Mozilla today announced a new project called mozjpeg, the goal of which is to provide a production-quality JPEG encoder that improves compression rates. That being said, the company wants to maintain compatibility with “the vast majority” of deployed decoders.
Over the years, the number of images an average website displays has exploded, as has the file size of each image. Since HTML, JS, and CSS files are relatively small in comparison, Mozilla points out photos can “easily make up the bulk of the network traffic for a page load.” The company thus wants to reduce the size of these files, and while JPEG has been in use since around 1992, it is still the most popular lossy compressed image format on the Web.

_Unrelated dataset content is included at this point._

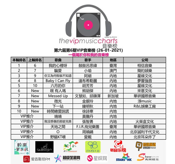 第六届VIP音乐榜第6期歌曲排行 一个属于你和我的音乐榜

JPEG is the only lossy compressed image format which has achieved nearly universal compatibility, not just with Web browsers but all software that can display images. As such Mozilla argues that it’s worth trying to optimize it, even with the ongoing search for a successor:
Production JPEG encoders have largely been stagnant in terms of compression efficiency, so replacing JPEG with something better has been a frequent topic of discussion. The major downside to moving away from JPEG is that it would require going through a multi-year period of relatively poor compatibility with the world’s deployed software. We (at Mozilla) don’t doubt that algorithmic improvements will make this worthwhile at some point, possibly soon. Even after a transition begins in earnest though, JPEG will continue to be used widely.

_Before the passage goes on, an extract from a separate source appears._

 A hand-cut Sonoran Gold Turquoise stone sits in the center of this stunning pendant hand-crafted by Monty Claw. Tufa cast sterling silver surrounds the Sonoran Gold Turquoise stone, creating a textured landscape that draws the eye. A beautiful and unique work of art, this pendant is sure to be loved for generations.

The company talked to engineers and concluded that JPEG encoders haven’t yet reached their full compression potential, even after 20 years and within the constraints of strong compatibility requirements.
Today’s mozjpeg version 1.0 release is a fork of libjpeg-turbo with ‘jpgcrush’ functionality added. The latter is a Perl script written by Loren Merritt which losslessly reduces file sizes by figuring out which progressive coding configuration uses the fewest bits. Results for mozjpeg range from 2-6 percent for PNGs encoded to JPEG by libjpeg-turbo and 10 percent on average for a sample of 1,500 JPEG files from Wikimedia.
Mozilla says it is not aware of any other production encoder that has this functionality built in, so the company decided to include it as mozjpeg’s first feature. The project’s next goal is to improve encoding by making use of trellis quantization. We’ll keep you posted as the project progresses and Mozilla shares its results.